The sensory evaluation results of these samples are shown in [Table 6]. According to [Table 6], the evaluation results showed that umami (sweet taste), sweetness, and rich taste became stronger, and the raw odor and odor became weaker in muro-bushi (Example 3, Comparative Example 3). In Soda Setsubun (Example 4, Comparative Example 4), evaluation results showed that umami, sweetness, and rich taste became stronger, and the raw odor and odor became weaker. In the case of Urumei Washi (Example 5 and Comparative Example 5), the evaluation results showed that the taste, sweetness, and rich taste became stronger, and the raw odor and odor became weaker. In each of the various knots, the enzyme-treated one had a stronger taste and was highly evaluated.
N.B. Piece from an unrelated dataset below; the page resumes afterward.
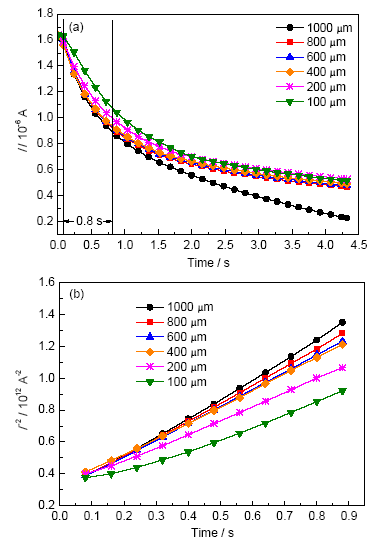 图2为Pt电极在无外加电场时不同厚度薄液膜下的阴极极化曲线。曲线可以分为3个部分:I为开路电位附近的线性极化区;II为受极限扩散控制的氧还原区;III为析氢反应区[30,32]。从图中可以看出,随着薄液膜厚度的减薄,区域II的溶解氧还原反应电流值增大,表明阴极还原反应速率是由氧扩散到Pt电极表面的过程所控制[33-35]。结合极化曲线测量,这里将计时电流法的阶跃电位设为从发生非Faraday过程的+300 mV阶跃至由O2传输到电极表面的扩散为单一机制的-690 mV[17,36,37],使得由计时电流法测得的电流与时间的关系满足Cottrell方程[38]:

  As described above, when the oyster mushroom-derived enzyme is allowed to act on the knot, the umami and richness of the knot can be enhanced, and the unique raw odor possessed by the knot can be reduced, resulting in high evaluation.

Claims (7)

At least at one location in the fish bun manufacturing process, immerse the fish bun ingredients in the enzyme solution of the agaricum-producing enzyme with proteolytic ability , pull the fish bun ingredients from the enzyme solution , and then increase the surface temperature of the fish bun to 20 ° C. To 85 ° C., decomposing the protein of the fish clause raw material, and then drying it to increase the content of amino acids and peptides. The method for producing fish salmon according to claim 1, wherein the step of immersing in the enzyme solution performed at least at one place is after the end of the boiled heat treatment step.   The dipping step into the enzyme solution performed at least at one or more places is after the end of the roasting process of the first fire, and the enzymatic decomposition is performed simultaneously with the roasting process after the second fire. Item 3. A method for producing a fish clause according to Item 2. Frozen fish clause material is raised to a temperature range between 10 ° C and 10 ° C , and at least part of the process of thawing, storage, storage and raw processing is performed at an unfrozen temperature range between 10 ° C and 10 ° C. After processing, immerse and boil and heat in accordance with conventional methods, and immerse it in the enzyme solution of a oyster mushroom-producing enzyme having proteolytic ability in at least one part of the production process of fish slices to be dried. After the pulling, the fish surface is kept in the range of 20 ℃ to 85 ℃, and the fish shell material is decomposed and dried to increase the content of amino acids and peptides. Method. At least at one location in the fish bun manufacturing process, immerse the fish bun ingredients in the enzyme solution of the agaricum-producing enzyme with proteolytic ability, pull the fish bun ingredients from the enzyme solution, and then increase the surface temperature of the fish bun to 20 ° C. The fish bun is characterized by being kept in a temperature range from 85 to 85 ° C., decomposing the protein of the fish bun stock, and then drying it to increase the content of amino acids and peptides. The fish clause according to claim 5 , wherein the fish clause raw material is salmon. The fish clause according to claim 5 , wherein the fish clause raw material is a small fish.